Note that in the above setting, you can also substitute a k-fold cross validation for the test set approach. Then, to generate a similar diagnostic curve, you should vary the number of folds (hence varying the size of the test sets). For a given value of k, then for each subset used for testing, the other (k-1) subsets are used for training error, and averaged over each way of assigning the folds. This gives you both a training error and testing error metric for a given choice of k. As k becomes larger, the training set sizes becomes bigger (for example, if k=10, then training errors are reported on 90% of the data) so again you can see how the scores vary as a function of training set size.
The downside is that CV scores are already expensive to compute, and repeated CV for many different values of k makes it even worse.

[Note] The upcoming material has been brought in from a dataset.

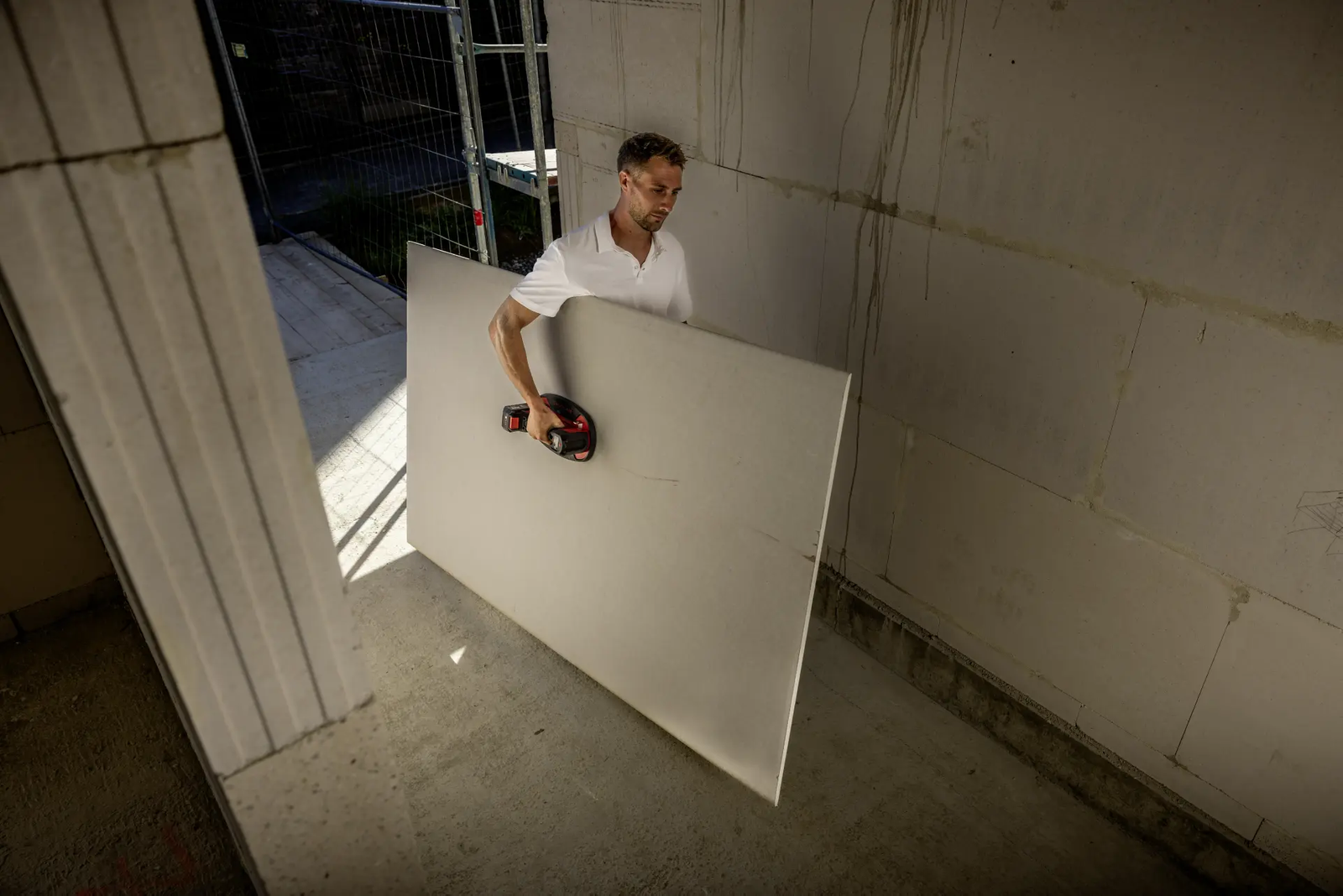 • Dzięki ergonomicznie zaprojektowanemu, mobilnemu, elektrycznemu podciśnieniowemu próżniowemu można bez wysiłku podnosić, przenosić i precyzyjnie umieszczać niemal każdy przedmiot. Podnośnik podciśnieniowy jest idealny do różnych materiałów, takich jak płytki, płyty gipsowo-kartonowe, bloczki betonowe, szkło, metale, meble i duże urządzenia elektryczne. Jego potężna funkcjonalność zapewnia efektywne i niezawodne przenoszenie ciężkich przedmiotów

One other cause of overfitting can be too large of a feature space. In that case, you can try to look at importance scores of each of your features. If you prune out some of the least important features and then re-do the above overfitting diagnostic and observe improvement, it's also some evidence that the problem is overfitting and you may want to use a simpler set of features or a different model class.
On the other hand, if you still have high bias, it suggests the opposite: your model doesn't have enough feature space to adequately account for the variability of the data, so instead you may want to augment the model with even more features.